The Death of the Customer Database?

by ChrisDewey on January 29, 2010

Chris Dewey, SIGMA Marketing Group CIO

Chris Dewey

Not yet. For many years, firms have let their own intuition about “business value” guide their investment in, and development of, database systems that record their knowledge of their customers’ experiences.  Concerns about the accuracy and data quality within these systems have largely been calmed by layers of data governance and good MDM (Master Data Management) practices – especially when a concerted push toward CRM is in play.  Regardless of whether a capstone CRM system is present, we see that today the component systems are contributing customer experience data of much higher quality and value to the overall organization than in years past.  Smart Data Integration practices make the consolidation of disparate customer data sources not only doable, but the solid foundation upon which many marketing customer databases are built.

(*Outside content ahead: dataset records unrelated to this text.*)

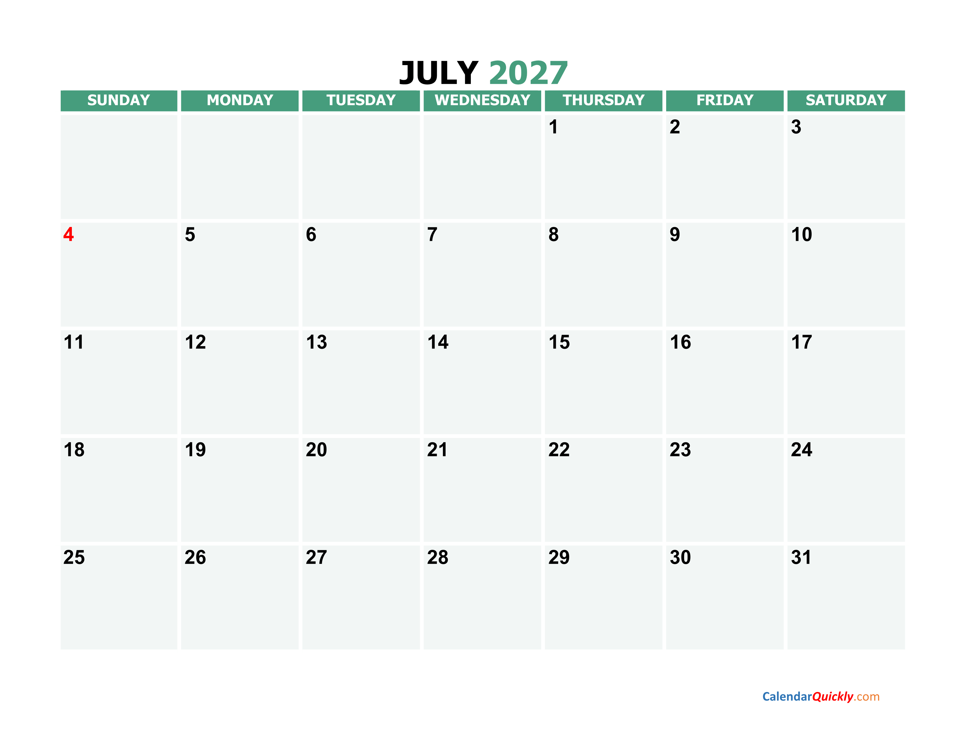 Print July 2027 Calendar PDF
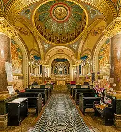 St Christopher's Chapel is a chapel decorated in the Byzantine style and Grade II* listed building located in the Variety Club Building of the hospital. Designed by Edward Middleton Barry (son of the architect Sir Charles Barry who designed the Houses of Parliament) and built in 1875, it is dedicated to the memory of Caroline Barry, Edward Middleton's sister-in-law. William Henry Barry, Caroline's widower, provided the £40,000 required to build the chapel and a stipend for the chaplain.[18] It was built in "elaborate Franco-Italianate style". As the chapel exists to provide pastoral care to ill children and their families, many of its details refer to childhood. The stained glass depicts the Nativity, the childhood of Christ and biblical scenes related to children. The dome depicts a pelican pecking at her breast in order to feed her young with drops of her own blood, a traditional symbol of Christ's sacrifice for humanity.[19]
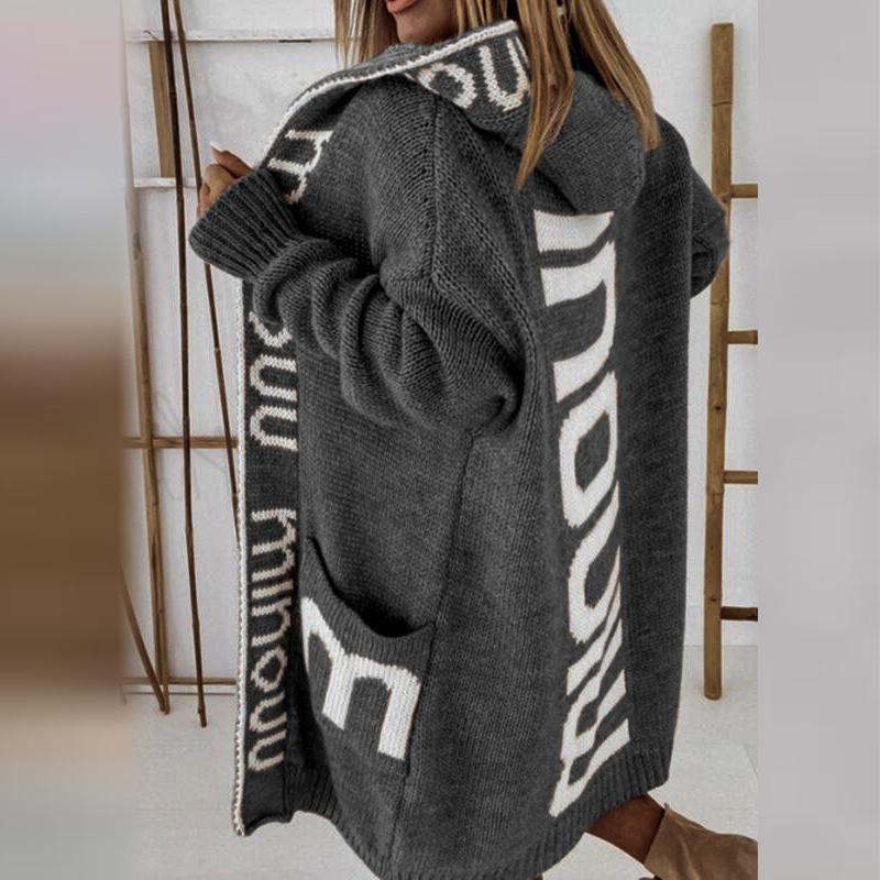 Длинный кардиган с капюшоном и монограммой, женский свитер, вязаное пальто
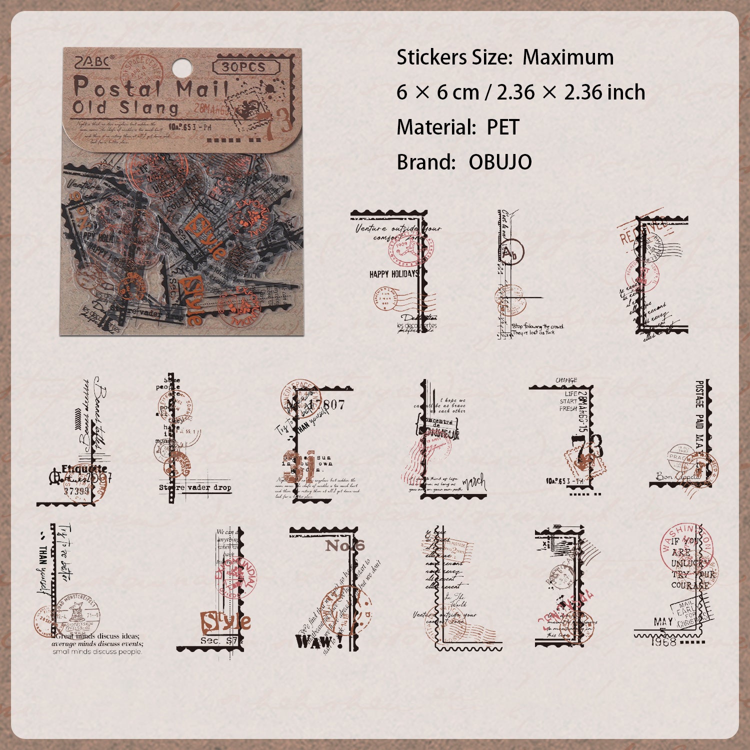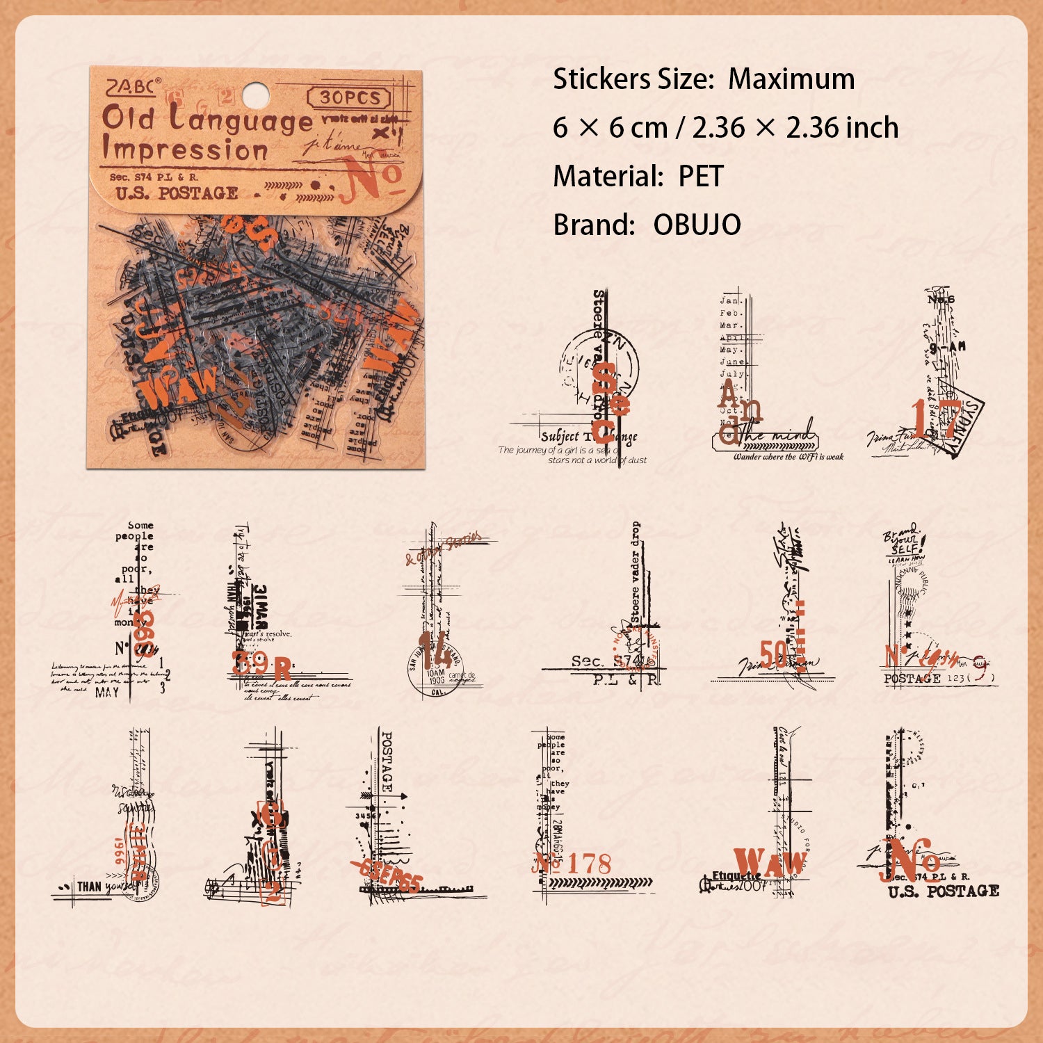 30 Pcs Vintage Collage PET Stickers BYWY

The Gap:  Digital Interactive and Social

The emergence of digital interactive channels and social networks poses a challenge for the typical database solution…How do we capture and standardize the characteristics of the customer we’re interacting with online (identity)?  How do we know if their behaviors or activities are significant to the brand or marketing strategy (relevancy)?  Having less than definitive answers to these questions could cause the average marketing customer database to seize up and its developers to break out in hives.  To the product marketers, these less-than-perfect and rapidly changing data sources are a valuable source of leading indicators of consumer behavior.

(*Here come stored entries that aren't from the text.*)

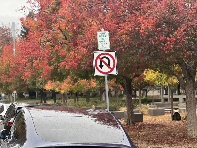 The illegal U-turns are typically made by southbound drivers turning around to enter the book dropbox area on the east side of the intersection, despite the four No U-Turn signs plainly visible. When drivers stop in the crosswalk area, it’s usually because they are parked and waiting at the brick pavement “bump-out” located along the west side of the intersection and bordered by black bollards. There are also four signs there stating No Parking attached to the bollards.
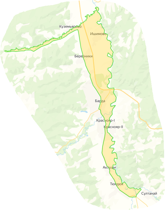 Участок 1 Северная граница - от пересечения дороги Кудаш - Юкшур с рекой Большая Амэя, далее по реке Большая Амэя до реки Тулва Восточная граница - по реке Тулва до населенного пункта Усть-Ашап Южная граница - через населенный пункт Усть-Ашап по улице Ленина до дороги Барда - Куеда Западная граница - от пересечения улицы Ленина населенного пункта Усть-Ашап и дороги Барда - Куеда через населенный пункт Старый Ашап до поворота перед выездом из населенного пункта Старый Ашап, далее по дороге Барда - Куеда до улицы Ленина населенного пункта Барда, далее по улице Ленина населенного пункта Барда до населенного пункта Мостовая, далее по дороге до населенного пунта Березники, далее по дороге до поворота на населенный пункт Кудаш, далее по дороге до населенного пункта Кудаш, далее по дороге до реки Большая Амэя Участок 2 Северная граница - от реки Сарашка по реке Тулва до дороги Сараши - Брюзли Восточная граница - по дороге Сараши - Брюзли до пересечения с дорогой Сараши - Танып Южная граница -
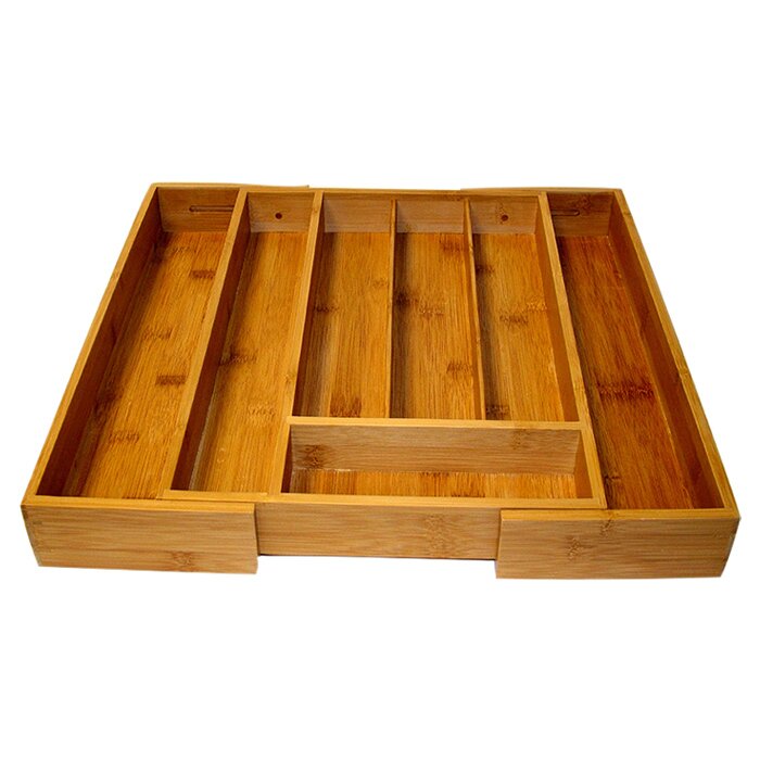The Adjustable Drawer Organizer keeps all your kitchen tools perfectly in one place. The cutlery tray is constructed from bamboo wood that promises high durability and excellent quality. The classic brown finish of the tray blends with most kitchen furniture and provides a stylish look. The Expandable Cutlery Tray by LCM Home Fashions, Inc. can be used to organize the different tools that keep cluttering the kitchen. The cutlery tray expands and fits most drawers. The tray is divided into multiple compartments to provide storage for tools and utensils of different sizes and shapes. The versatile tray is easy to care for and can be hand washed with a damp cloth to keep it clean.

Uncertainty is not defeat.

Although potentially difficult to accept for “black and white” system developers, the real answer is to allow probability into the Data Model of your marketing database.  Probability that a point of contact( a cookie or an email address) is a known customer or prospect, and probability that their actions or expressions are indications that are important enough to be leveraged in marketing decision making.  The level of uncertainty – which could range from completely anonymous activity, to indications that visitors are members of probable segments– and ending up with a direct connection to contact names and/or direct consumers – needs to become part of the database design.  When supported by sound behavioral segmentation and predictive modeling used to make the probable connections, the customer database can survive the challenge, and retain its value to the enterprise.